How to play Rock, Paper, Scissors optimally: the Nash equilibrium

Rock, Paper, Scissors (RPS) is a very simple game. So simple, in fact, it’s almost dull! However, it may be more interesting than you realise.

We all think we know how to play the game “correctly”, based on intuition alone. You simply choose your strategy randomly and hope to get lucky.

But how do we implement such a strategy in practice? If we had a calculator to hand, we could use the random number generator (RNG) function to generate a decimal between 0 and 1 and use the following rule to make our decisions:

0.00 – 0.33: play R
0.33 – 0.66: play P
0.66 – 0.99: play S

We’ll call this the RNG strategy. I suggest you try this the next time you and your wife are deciding whose turn it is to make a cup of tea; just for the reaction you’ll get if nothing else. An important detail about the pseudo-random RNG strategy is that it cannot lose (in the long term). By that I mean over time, as you play more and more games, your ratio of win:draw:lose will stabilise at 1/3:1/3:1/3 and your victories and losses will cancel each other out.

This is a common focus of Game Theory analysis. We accept that we cannot control short-term luck and instead turn our attention to long-term results using the law of large numbers, considering what would happen if we used this strategy over millions of games.

There’s an interesting paradox hidden within the claim we just made, though. Notice that we made no mention of our opponent’s strategy. Our ratio will converge to 1/3:1/3:1/3, regardless of what our opponent does.

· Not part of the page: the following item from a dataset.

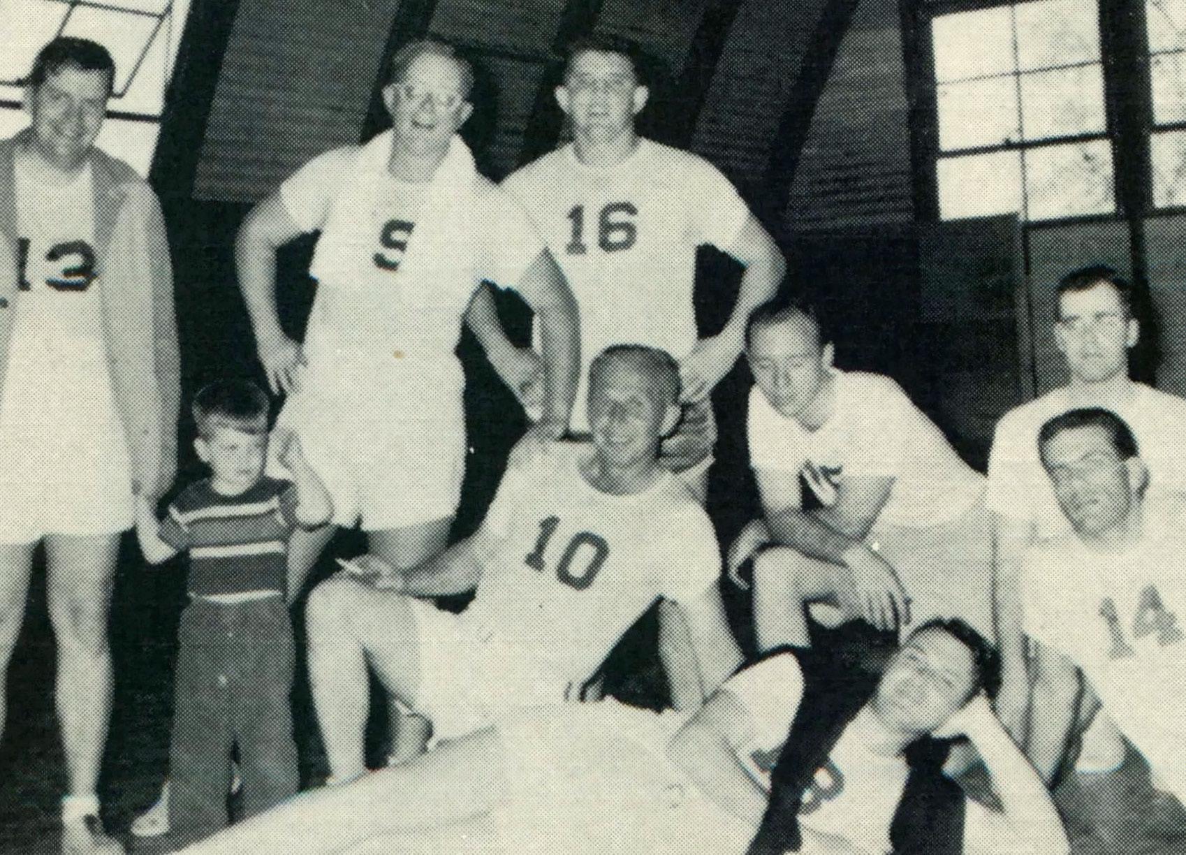 Dr. Laurence Becker (in the middle) at Reunion Weekend 2024, surrounded by Spartans

To get an intuition for why this is true, imagine for a moment you’re playing against the most predictable opponent in the world; they always choose Rock. If we persist with the RNG strategy, then the following will happen:

1/3 of the time we play Rock vs Rock (draw)
1/3 of the time we play Paper vs Rock (win)
1/3 of the time we play Scissors vs Rock (lose)

In the long-term, our ratio is still 1/3:1/3:1/3, as we predicted. The amazing thing here is that it does not matter what ratios our opponent decides to use; our long-term results are exactly the same. For those of you familiar with probability trees, you can test this for yourself when your opponent uses the following ratios verses your RNG strategy:

Rock: 4/9
Paper: 2/9
Scissors: 3/9

Why perfection loses money

Some of the previous examples should be raising alarm bells. When one player uses the RNG strategy, it literally does not matter what the opponent does. They could be using the same RNG strategy, they could be playing Rock every time, or they could be doing anything in between. Our long-term expectation is the same: we’ll win about as much as we lose.

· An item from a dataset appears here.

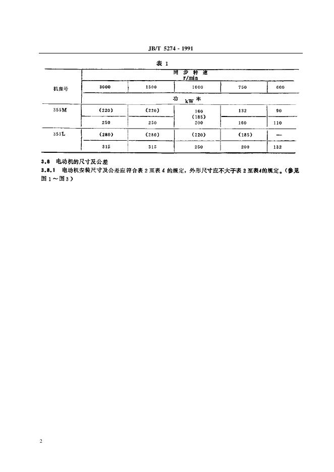 JB/T 5274-1991 Y 系列(IP44)三相异步电动机 技术条件( 机座号355)

To frame this phenomenon a bit more mathematically, imagine you win £1 every time you win and lose £1 every time you lose (nothing happens when you draw). Then in the long-term you expect to win exactly £0. However, there is some nuance to consider, as the RNG strategy actually loses money.

Imagine the following scenario. You play a million games of RPS over your life time for £1 a game (you’re the world’s most boring gambling addict). At the end of your thrilling career, you have won exactly £0. But how much time did you spend playing? And what was the opportunity cost of that time? Could you have been doing something more productive with your time, something that actually made money?

A close-up of a pile of British pence coins mainly of values 1p, 10p and 20p. — A selection sub-£1 denominations of British coins. Image by Kelvin Stuttard, source: Pixabay.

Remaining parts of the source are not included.